What is Enterprise Search Software
What is Enterprise Search Software

Enterprise search is the system you use to make scattered work actually findable and actionable across an organization, not just to return a list of files. I focus on the operational pieces that make search reliable over time: connectors, metadata hygiene, relevance feedback loops, and governance, so answers stay accurate, auditable, and safe as teams grow.

How Does Enterprise Search Cope With Messy, Changing Data?

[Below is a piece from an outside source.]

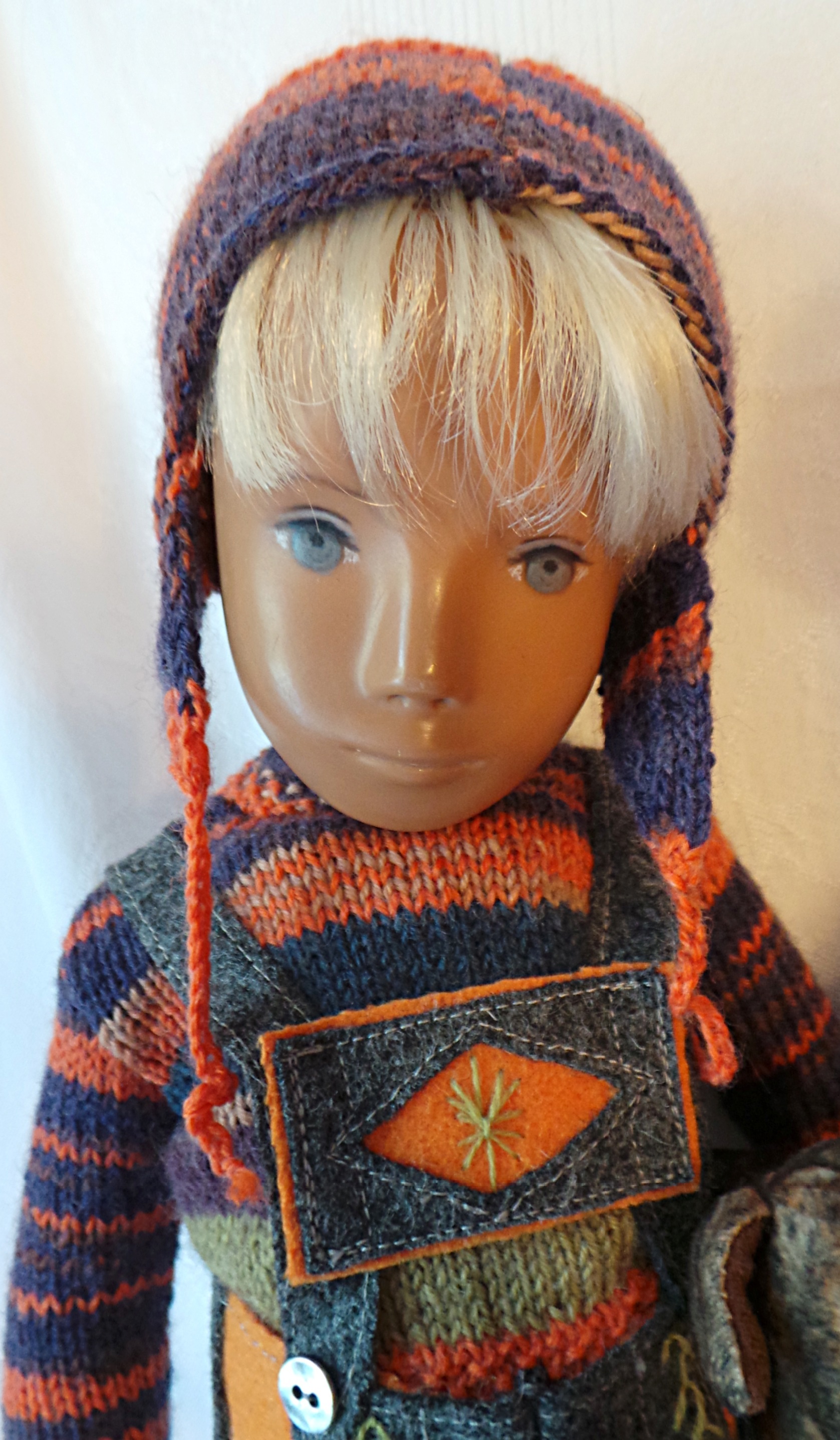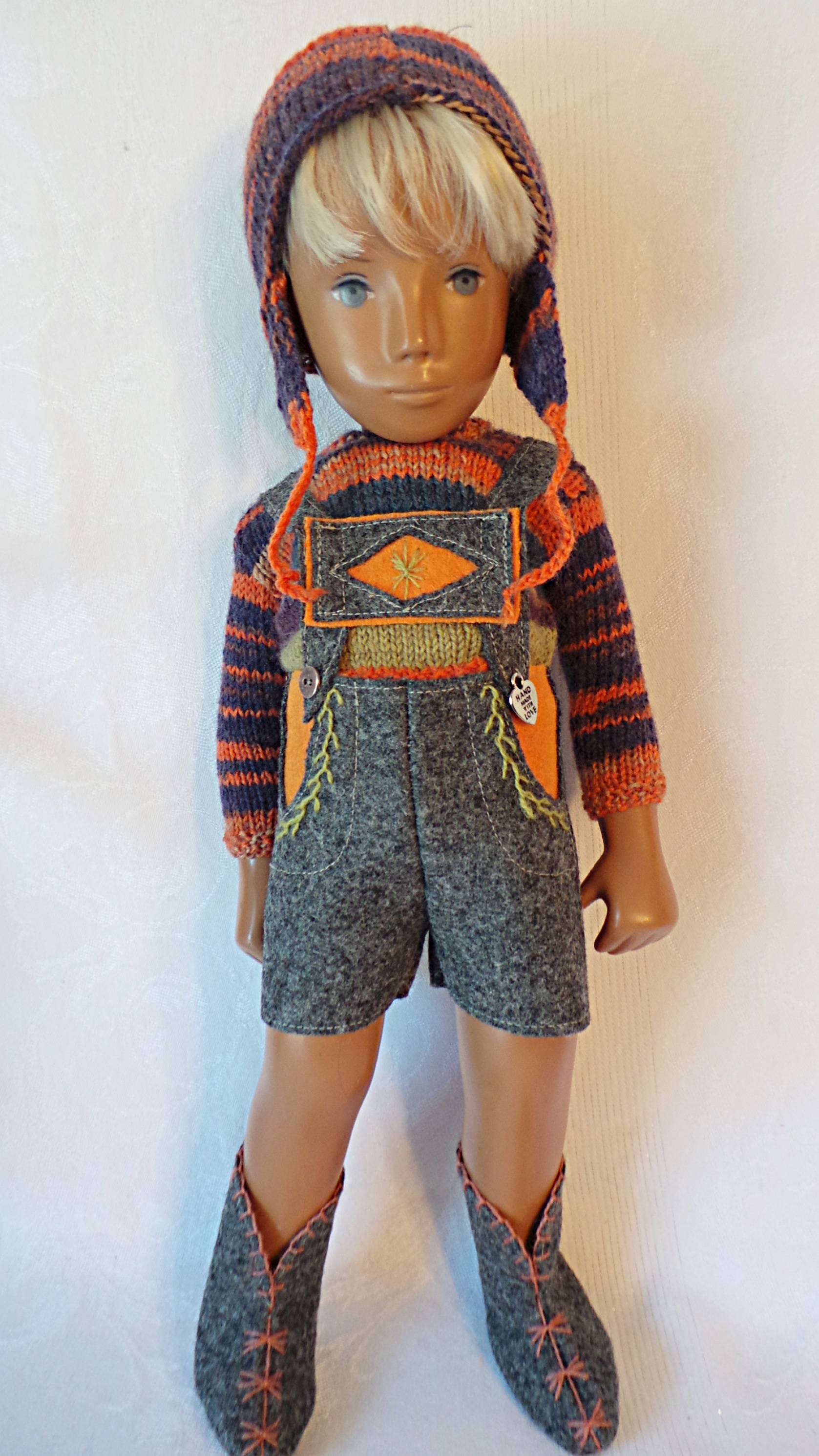 Today, a quick post before going to work of Chloe and Finn wearing lovely outfits made by Janet Myhill Dabbs. I received them just after Christmas and Finn insisted on being first to wear the lederhosen. I think I would have chosen Drew with his dark features to wear them but I cannot resist dear Finn π Both outfits have such nice detail down to the tiny, silver heart advising “Hand made with Love”. When you hold these outfits in your hands, you can see the great care that was given in their creation. I hope you enjoy the photos. Have a wonderful day!!!

This challenge appears across support, engineering, and HR: content sits in wikis, ticket queues, shared drives, and inboxes, and the root cause is inconsistent metadata and permission mapping. To keep results functional, you need ingestion pipelines that normalize schema, track provenance, and surface freshness, plus policies that decide whether to index or redact a source. If you batch only, real-time needs break; if you index everything instantly, costs and noise explode. That trade-off is why organizations must plan connector SLAs, reindex cadence, and metadata standards up front, because the last mile of discoverability is usually about labels and access, not raw model power. Adoption is projected to grow at a CAGR of 12% from 2020 to 2025, which means teams must budget for that operational scale, not just a one-time deployment.

What Breaks When You Try To Scale Relevance And Governance?

When you add embeddings, personalization, and role-based views, new failure modes appear: embedding drift, overfitting to top users, and unintended data leakage through permissive connectors. The system that felt clever at 50 users can become noisy at 500 if you do not version models, monitor precision at k, and enforce strict audit logs. 

The payoff is real, but conditional. Over 70% of organizations report improved productivity after implementing enterprise search solutions (LLCBuddy, 2025), yet those gains rarely stick without continuous relevance measurement and clear ownership for search quality. Treat explainability and permissioning as first-class engineering work, with alerts when relevance drops or when a connector starts returning unexpected content.

How Should Teams Measure Whether Search Is Succeeding?

Ask for outcomes, not just queries per day. Track time-to-complete-tasks that depend on search, rate of rerun or follow-up searches, search-to-action conversion, and reduction in duplicate work. Instrument the whole flow: which queries lead to an action, which results get dismissed, and which failed searches trigger help requests. Think of search like a library with moving shelves; a vast collection is worthless if the labels are wrong, so invest in user feedback loops and lightweight governance playbooks that fix taxonomy issues within days, not months.

Most teams keep knowledge in email threads and shared folders because it is familiar and low-friction. That works until context fragments, approvals stall, and risk hides in old threads. Platforms like Coworker provide a different path, preserving cross-app memory, applying multi-step reasoning to turn findings into prioritized actions, and maintaining enterprise-grade audit trails so teams compress review cycles while keeping compliance intact.

Operationally, treat enterprise search as a product you run, not a feature you flip on. Assign owners for connectors, hold weekly relevance sprints for common queries, and create a small human-in-the-loop team to triage model errors for the first 90 days after rollout; those first months determine whether adoption becomes habitual or abandoned. Small governance rituals prevent three common failures: noisy results, stale indices, and permission drift.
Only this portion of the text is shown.